[Entries taken from a collection]

■ ■ ■ ■

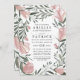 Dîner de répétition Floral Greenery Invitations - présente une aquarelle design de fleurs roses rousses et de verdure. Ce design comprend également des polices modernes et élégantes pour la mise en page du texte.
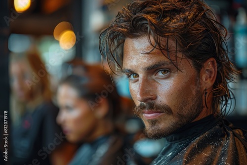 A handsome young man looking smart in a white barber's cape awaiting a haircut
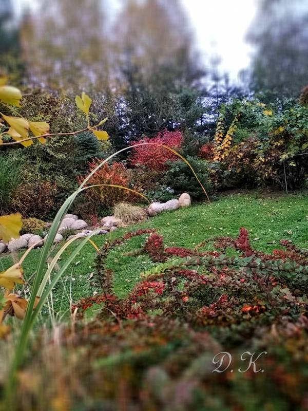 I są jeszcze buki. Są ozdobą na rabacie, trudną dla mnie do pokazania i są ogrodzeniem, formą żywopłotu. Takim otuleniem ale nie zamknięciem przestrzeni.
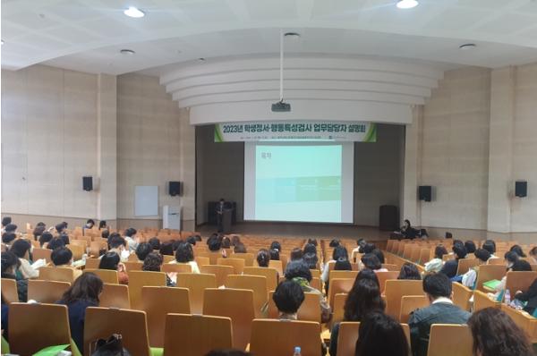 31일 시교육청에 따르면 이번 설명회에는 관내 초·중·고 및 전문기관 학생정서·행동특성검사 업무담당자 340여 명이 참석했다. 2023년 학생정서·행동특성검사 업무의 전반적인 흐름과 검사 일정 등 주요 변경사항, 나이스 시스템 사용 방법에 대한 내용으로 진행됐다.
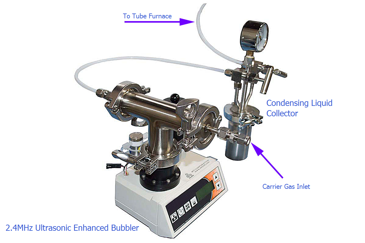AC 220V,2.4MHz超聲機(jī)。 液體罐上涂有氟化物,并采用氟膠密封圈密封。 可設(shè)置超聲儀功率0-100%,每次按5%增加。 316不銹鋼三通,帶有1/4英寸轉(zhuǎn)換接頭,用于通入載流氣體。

■ ■ ■ ■

### What the exercise asks
The output is the stretch above from the line with "A handsome young" through the line with "I są jeszcze", copied word for word with both ends kept and every picture dropped.

### Output of the exercise
 A handsome young man looking smart in a white barber's cape awaiting a haircut
 I są jeszcze buki. Są ozdobą na rabacie, trudną dla mnie do pokazania i są ogrodzeniem, formą żywopłotu. Takim otuleniem ale nie zamknięciem przestrzeni.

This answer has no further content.